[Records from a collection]
====
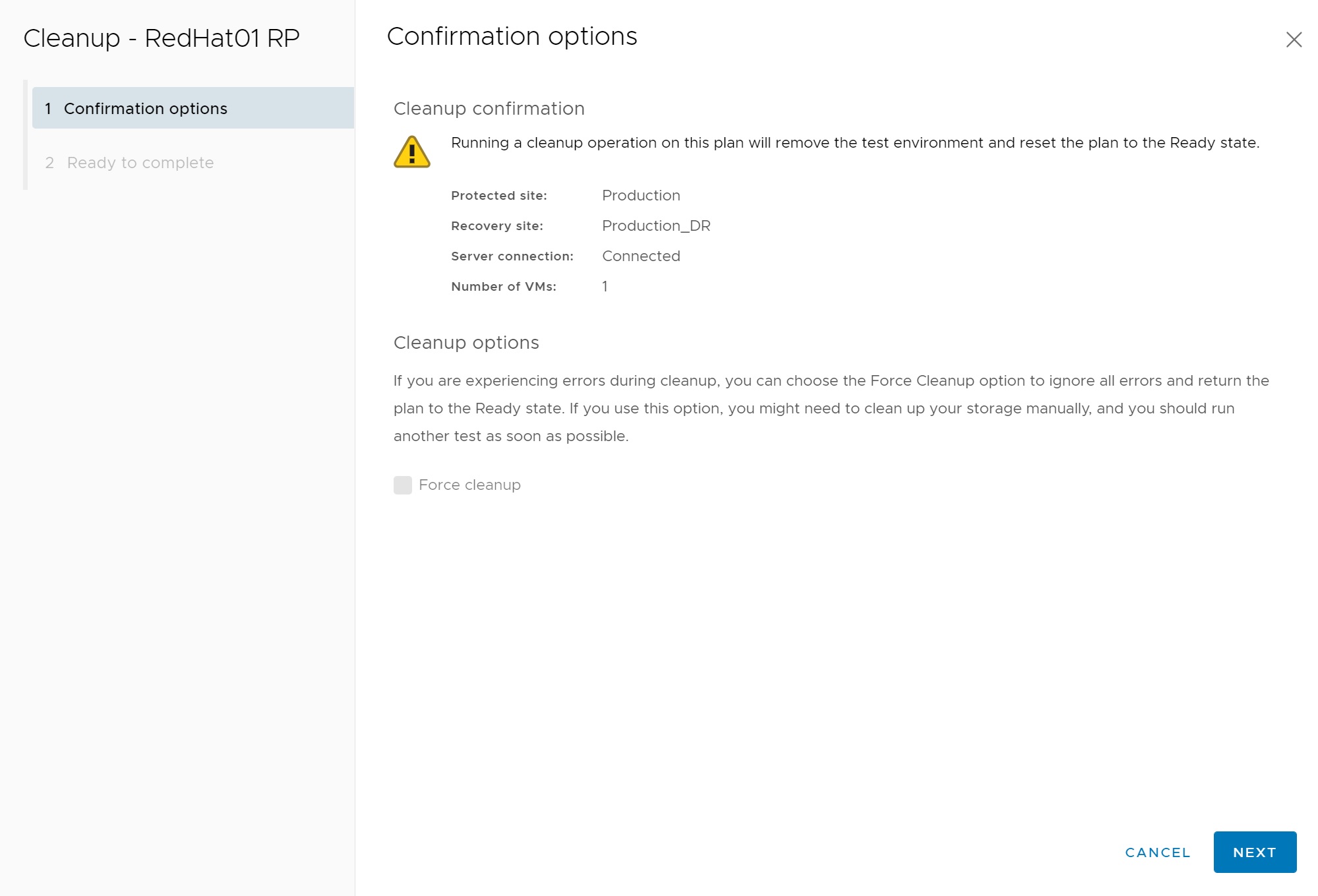 Once you have finished, it's time to cleanup and remove the test VM, return to the Recovery Plan -> Recovery Steps and click on the CLEANUP link as per below
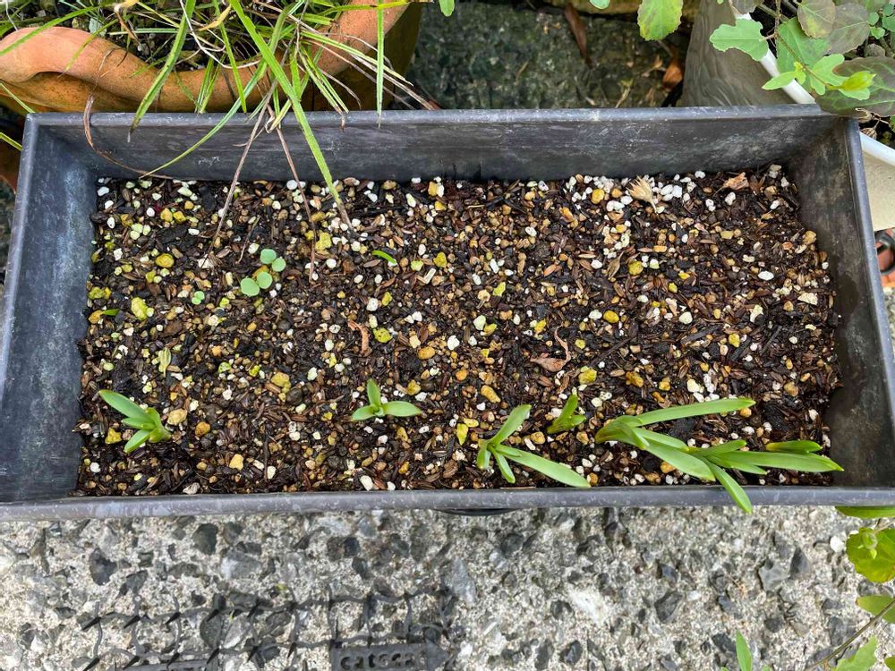 原種ハイビスカスロバツスの種が落ちてあちこちにで発芽してます。
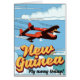 Neue Guinea Abenteuer Poster. Ein Vintager Stil Requisiten Flugzeug Cartoon Stil Urlaubstext.
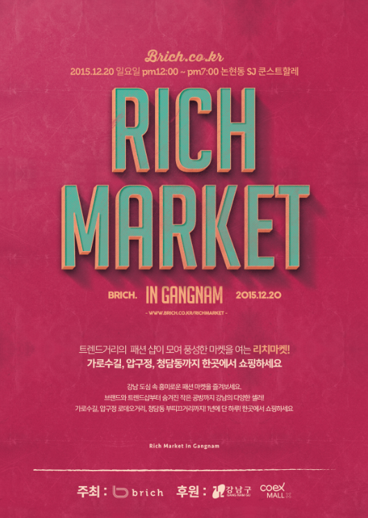 (주)브리치(대표 이진욱)에서 주관하고, 강남구와 ㈜코엑스몰(대표 박영배)이 후원하는 이번 행사는 20일 오전 12시부터 오후 7시까지 논현동 소재 컨테이너 문화공간 ‘쿤스트할레’에서, 가로수길과 압구정 지역의 젊고 개성 있는 디자이너 숍과 소호숍이 한자리에 모여 파격적 할인을 진행한다.
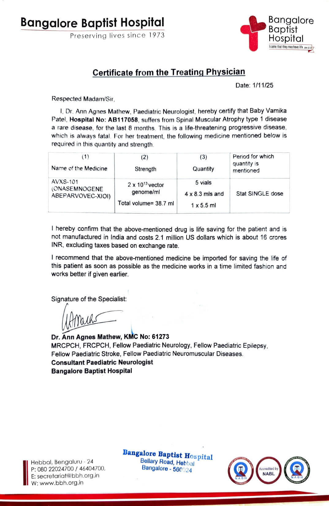 However, this miracle comes with an unimaginable price—₹16 Crores (USD $2 million). After months of desperate appeals and communication, Novartis has offered us an EMI-based installment plan, bringing down the immediate cost to ₹9 Crores.
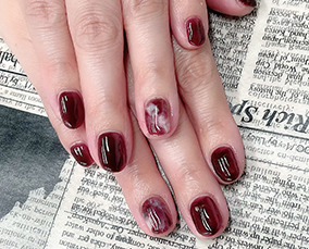 可愛げな紅小豆カラー。パールで上品にアレンジ♪ |
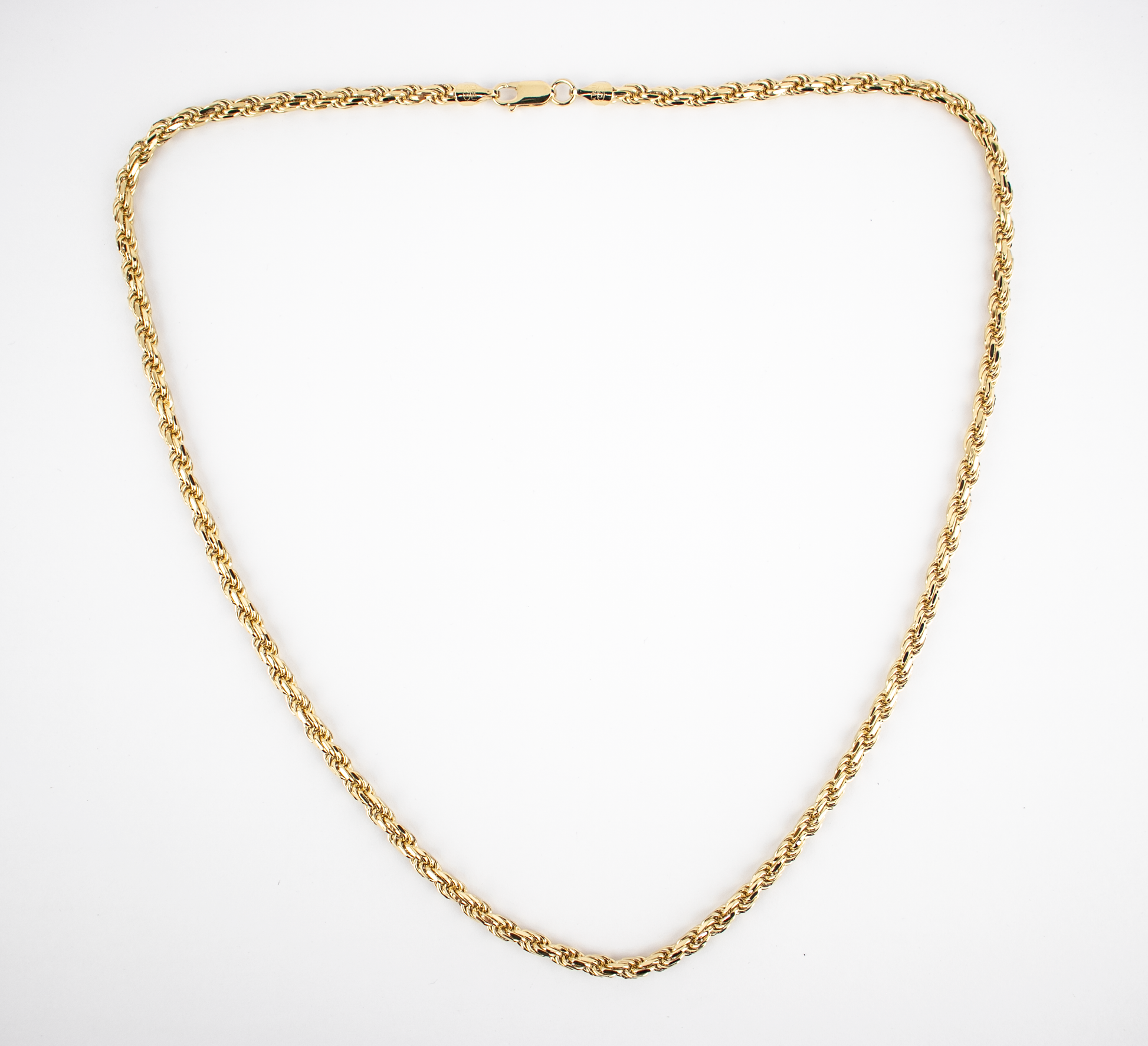 DIAMOND CUT-ROPE CHAIN 24" LARGE AND 2mm THICKNESS made of 14 & 22 Karat gold filled and bonded over a heart of semiprecious metals.
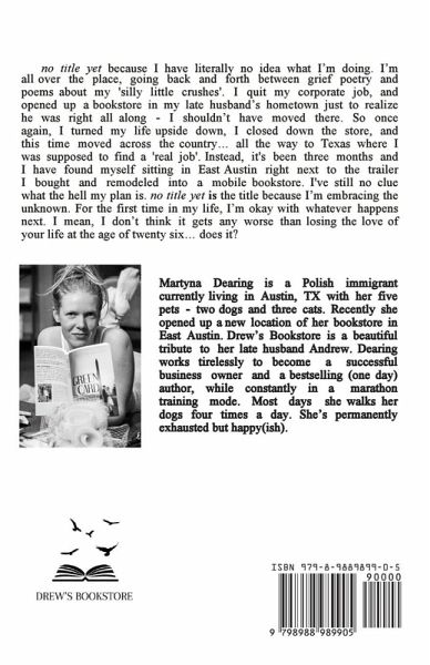 no title yet because I have literally no idea what I'm doing. I'm all over the place, going back and forth between grief poetry and poems about my 'silly little crushes'. I quit my corporate job, and opened up a bookstore in my late husband's hometown just to realize he was right all along - I shouldn't have moved there. So once again, I turned my life upside down, I closed down the store, and this time moved across the country... all the way to Texas where I was supposed to find a 'real job'. Instead, it's been three months and I have found myself sitting in East Austin right next to the trailer I bought and remodeled into a mobile bookstore. I still have no clue what the hell my plan is. no title yet is the title because I'm embracing the unknown. For the first time in my life, I'm okay with whatever happens next. I mean, I don't think it gets any worse than losing the love of your life at the age of 26... does it?
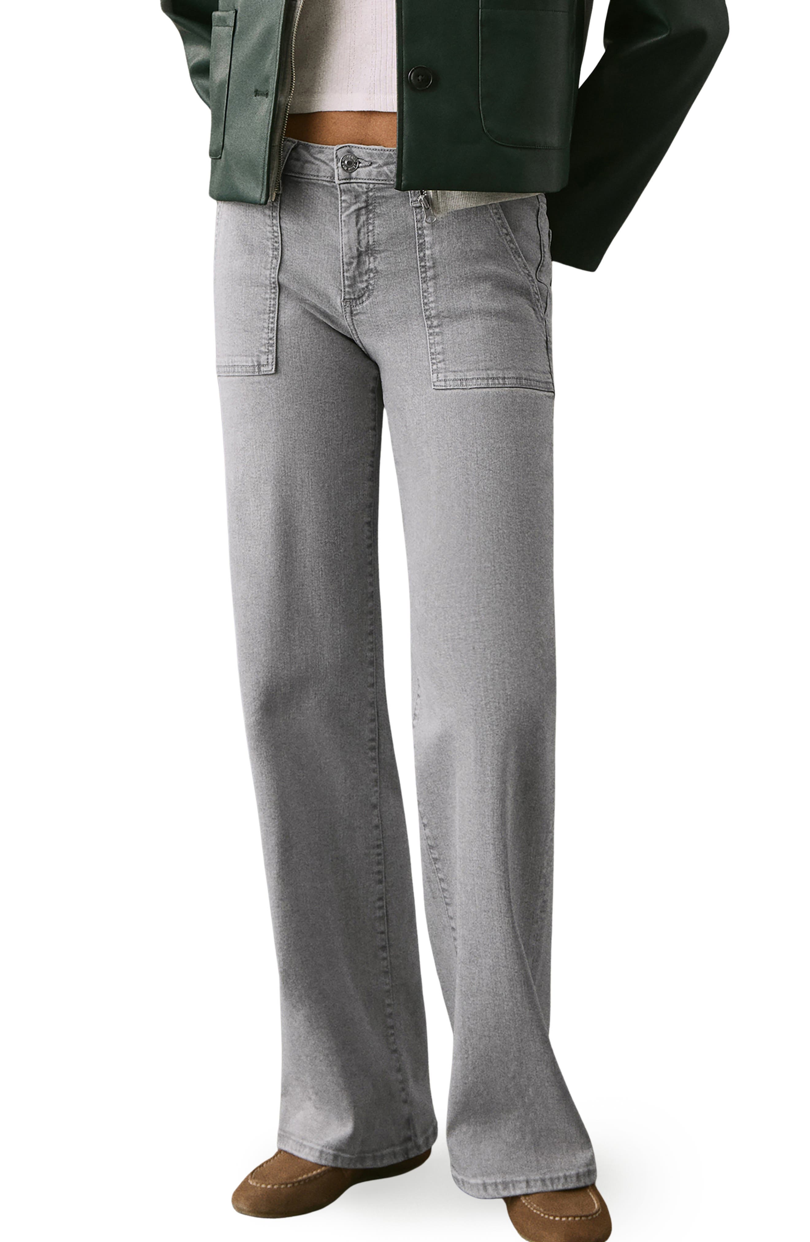 Buckle Low Rise Wide Leg Cargo Jeans In Gray
====
[Exercise goal]
No picture belongs in the answer, but every word of the records above does, exactly as given.

[Expected answer]
 Once you have finished, it's time to cleanup and remove the test VM, return to the Recovery Plan -> Recovery Steps and click on the CLEANUP link as per below
 原種ハイビスカスロバツスの種が落ちてあちこちにで発芽してます。
 Neue Guinea Abenteuer Poster. Ein Vintager Stil Requisiten Flugzeug Cartoon Stil Urlaubstext.
 (주)브리치(대표 이진욱)에서 주관하고, 강남구와 ㈜코엑스몰(대표 박영배)이 후원하는 이번 행사는 20일 오전 12시부터 오후 7시까지 논현동 소재 컨테이너 문화공간 ‘쿤스트할레’에서, 가로수길과 압구정 지역의 젊고 개성 있는 디자이너 숍과 소호숍이 한자리에 모여 파격적 할인을 진행한다.
 However, this miracle comes with an unimaginable price—₹16 Crores (USD $2 million). After months of desperate appeals and communication, Novartis has offered us an EMI-based installment plan, bringing down the immediate cost to ₹9 Crores.
 可愛げな紅小豆カラー。パールで上品にアレンジ♪ |
 DIAMOND CUT-ROPE CHAIN 24" LARGE AND 2mm THICKNESS made of 14 & 22 Karat gold filled and bonded over a heart of semiprecious metals.
 no title yet because I have literally no idea what I'm doing. I'm all over the place, going back and forth between grief poetry and poems about my 'silly little crushes'. I quit my corporate job, and opened up a bookstore in my late husband's hometown just to realize he was right all along - I shouldn't have moved there. So once again, I turned my life upside down, I closed down the store, and this time moved across the country... all the way to Texas where I was supposed to find a 'real job'. Instead, it's been three months and I have found myself sitting in East Austin right next to the trailer I bought and remodeled into a mobile bookstore. I still have no clue what the hell my plan is. no title yet is the title because I'm embracing the unknown. For the first time in my life, I'm okay with whatever happens next. I mean, I don't think it gets any worse than losing the love of your life at the age of 26... does it?
 Buckle Low Rise Wide Leg Cargo Jeans In Gray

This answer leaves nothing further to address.